## Task objective
Write out the entries below exactly, but only from the line containing "A5ランクの極上ロース。サシの美しさに惚れ惚れする。タレor塩で味わう" through the line containing "Cutluxe’s carving-ready butcher", and without the pictures.
---- Recorded information
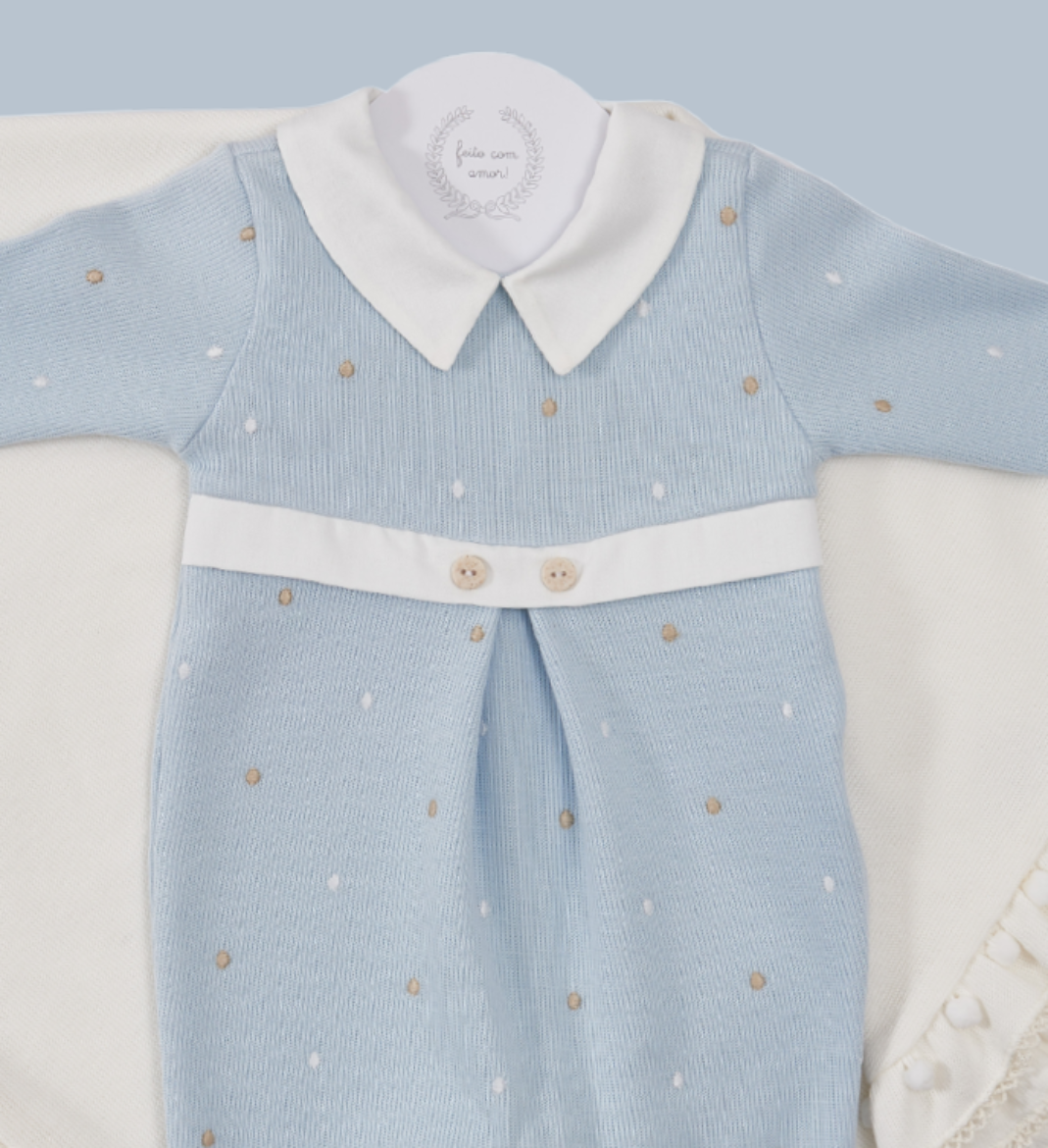 Apresentamos a escolha perfeita para o primeiro momento especial do seu bebê: a Saída Maternidade que une a nobreza do tricot à suavidade inigualável do algodão 100%.
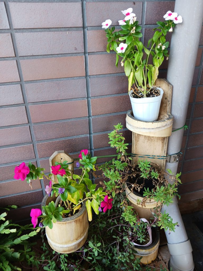 玄関には竹のプランターに季節のお花を植えて(^_-)-☆
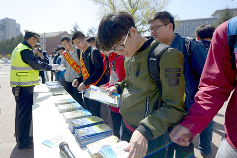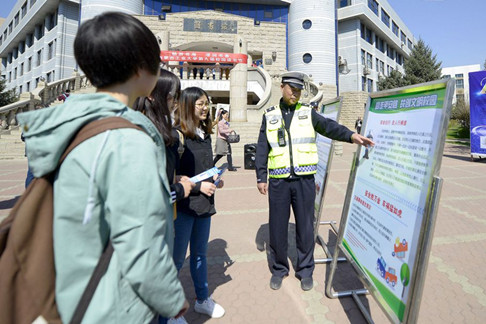 427日上午,武装保卫处和理学院联合新城区交警大队第五中队、在新城校区共同举办“遵守交通法规,创建平安校园”道路交通安全知识宣传活动,为创建平安和谐的校园交通环境发出倡议。
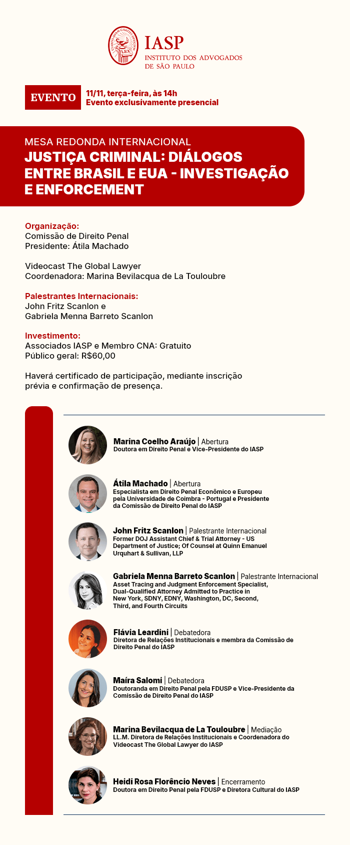 Investimento: Associados IASP e Membro CNA: Gratuito | Público geral: R$60,00
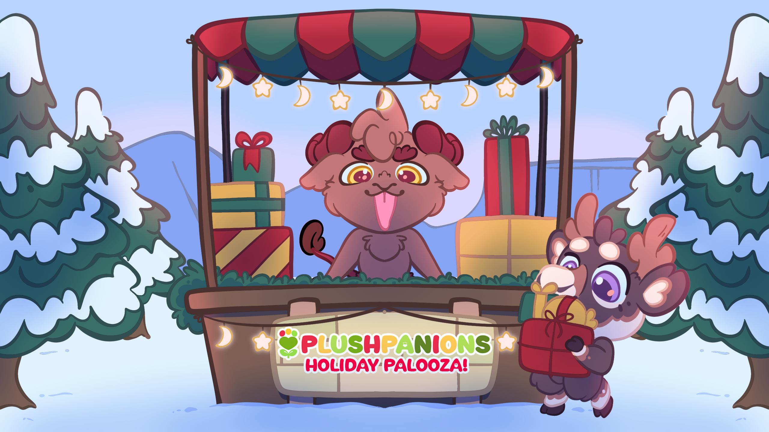 "Plushpanions": "Holiday Palooza" | Krampus hosting a little market stall with his reindeer brother, Reinhold
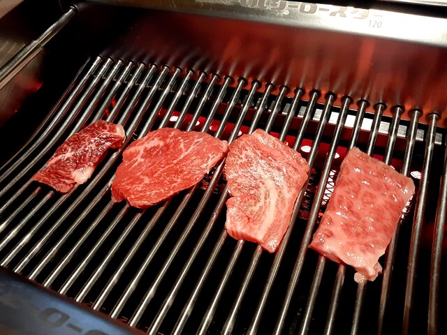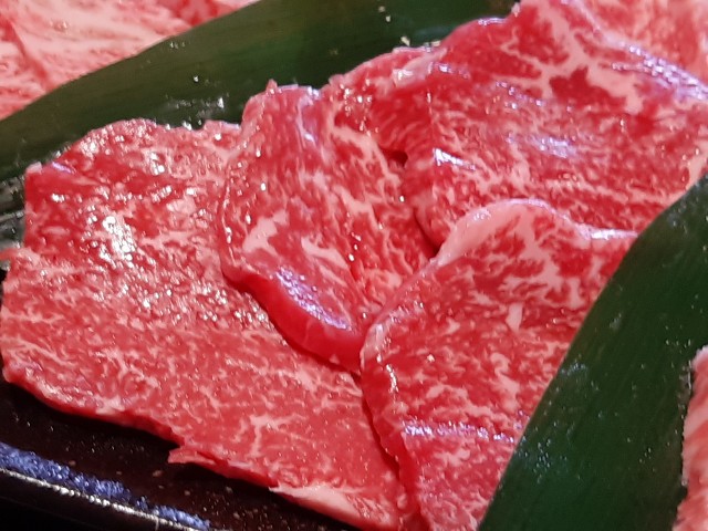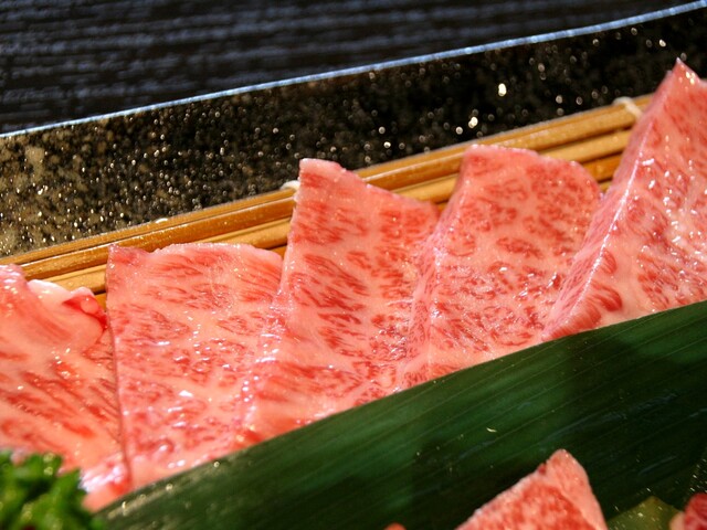 A5ランクの極上ロース。サシの美しさに惚れ惚れする。タレor塩で味わう
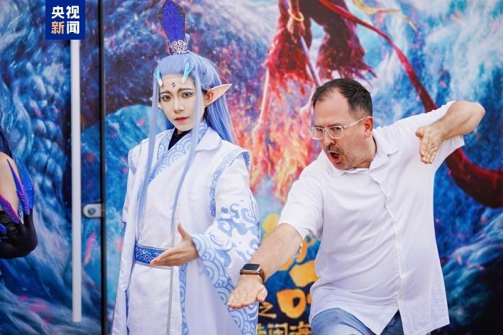 在广东东莞,因电影《哪吒2》的爆火,位于东莞万江镇的IMAX GT巨幕吸引了大批影迷前来观影,周边潮玩产品订单更因此“爆单”,一部电影带火一座影院、一条潮玩生产线在这里成为现实。今天,又因这部电影,聚集了一批热情的外国电影粉丝。他们在东莞玩起了“哪吒”快闪、与国漫形象真人互动、体验剧中人物妆造等,这种近距离与影像中的动漫人物频频“呼应”,也为他们带来了电影之外延展的惊喜。
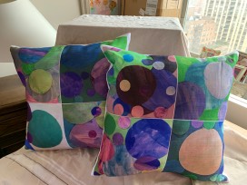 This set of pillows features artwork by all students in Class 3-4. These linen pillows measure 20" square.
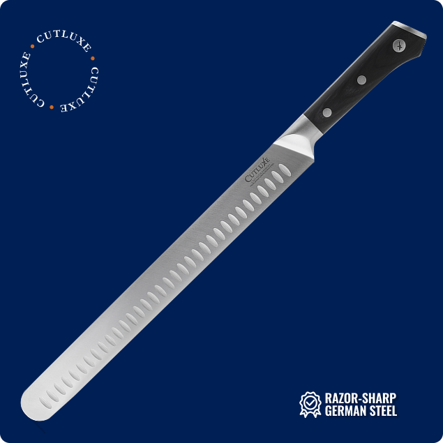 Cutluxe’s carving-ready butcher knives feature long, narrow blades designed for smooth, uninterrupted slices. From smoked brisket to roasted turkey, these knives glide through meat without tearing or shredding. The result? Beautiful, clean cuts that bring out the flavor and texture of every dish. With the right carving knife in hand, every slice becomes an expression of control and finesse.
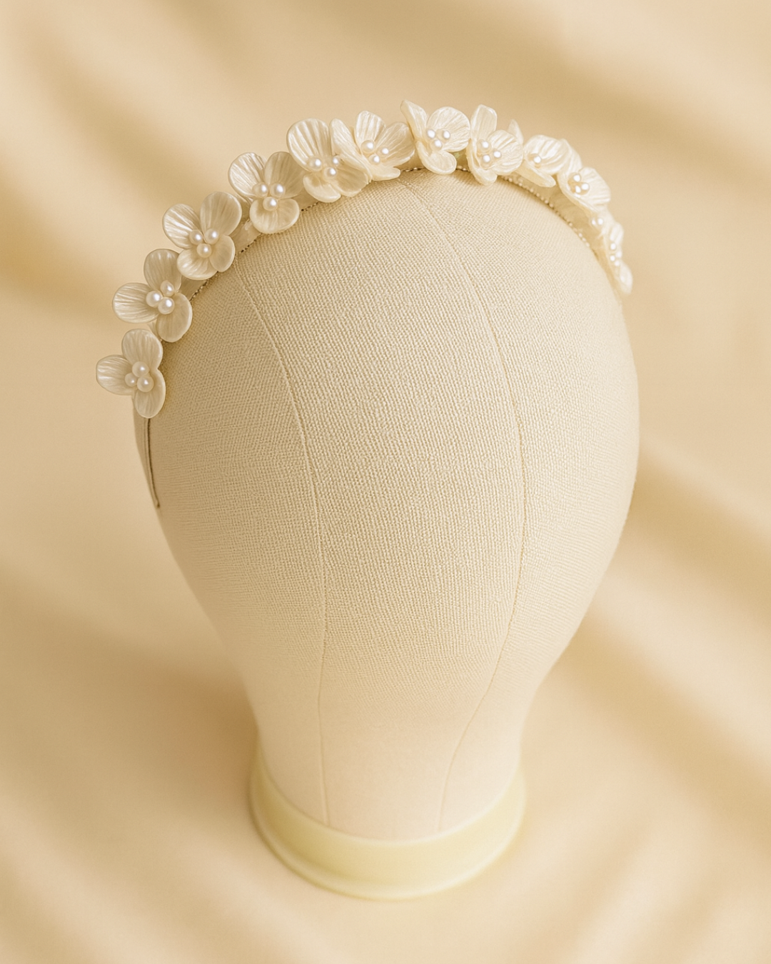 Una tiara tipo diadema clásica en blanco marfil con flores y perlas que simboliza un amor sin fin. Ligera, delicada y absolutamente atemporal.
--------
## Output for this task
 A5ランクの極上ロース。サシの美しさに惚れ惚れする。タレor塩で味わう
 在广东东莞,因电影《哪吒2》的爆火,位于东莞万江镇的IMAX GT巨幕吸引了大批影迷前来观影,周边潮玩产品订单更因此“爆单”,一部电影带火一座影院、一条潮玩生产线在这里成为现实。今天,又因这部电影,聚集了一批热情的外国电影粉丝。他们在东莞玩起了“哪吒”快闪、与国漫形象真人互动、体验剧中人物妆造等,这种近距离与影像中的动漫人物频频“呼应”,也为他们带来了电影之外延展的惊喜。
 This set of pillows features artwork by all students in Class 3-4. These linen pillows measure 20" square.
 Cutluxe’s carving-ready butcher knives feature long, narrow blades designed for smooth, uninterrupted slices. From smoked brisket to roasted turkey, these knives glide through meat without tearing or shredding. The result? Beautiful, clean cuts that bring out the flavor and texture of every dish. With the right carving knife in hand, every slice becomes an expression of control and finesse.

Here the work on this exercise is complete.